### Task goal:
Write out exactly the lines below starting at the one containing "Incripción a través" and ending at the one containing "Thanks, Jaydan T!". Omit every picture.

### Exercise data:
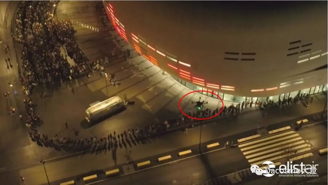 因为elistair Ligh-T系留基站的地面供电能力,大疆经纬M200无人机得以在演唱会前后全程都在剧院上空持续飞行,期间不需更换电池,供安保小组对剧院周边半径1.5公里的区域保持持续的监视,还协助市警察缓解了交通拥堵。
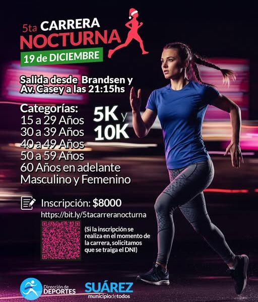 Incripción a través del link: https://bit.ly/5tacarreranocturna Costo $ 8000
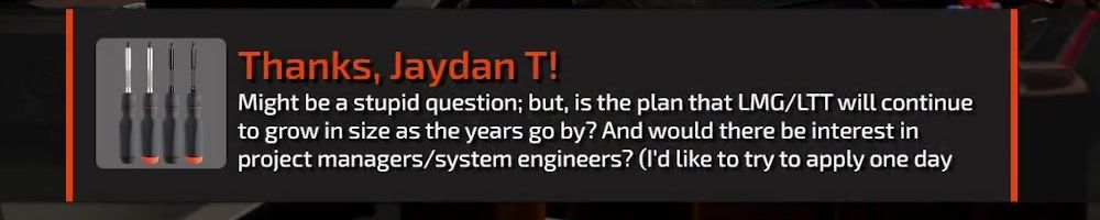 Thanks, Jaydan T! Might be a stupid question; but, is the plan that LMG/LTT will continue to grow in size as the years go by? And would there be interest in project managers/system engineers? (I'd like to try to apply one day
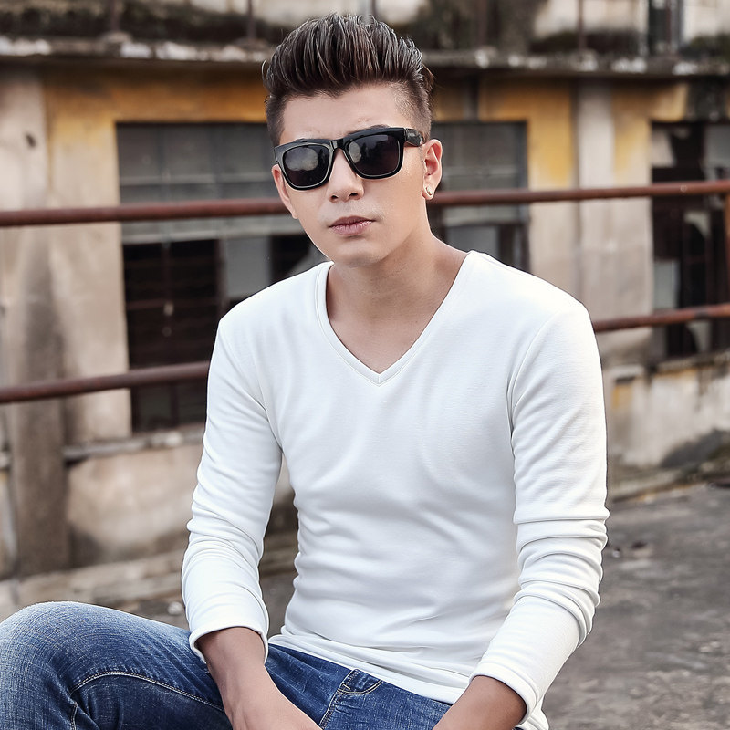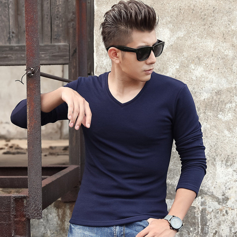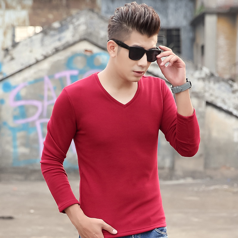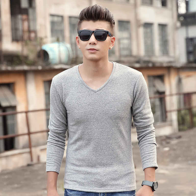 Jiacheng bird plus velvet bottoming shirt autumn and winter V-neck men's wear with slim men's long-sleeved T-shirt thickened warm solid color

### Response:
 Incripción a través del link: https://bit.ly/5tacarreranocturna Costo $ 8000
 Thanks, Jaydan T! Might be a stupid question; but, is the plan that LMG/LTT will continue to grow in size as the years go by? And would there be interest in project managers/system engineers? (I'd like to try to apply one day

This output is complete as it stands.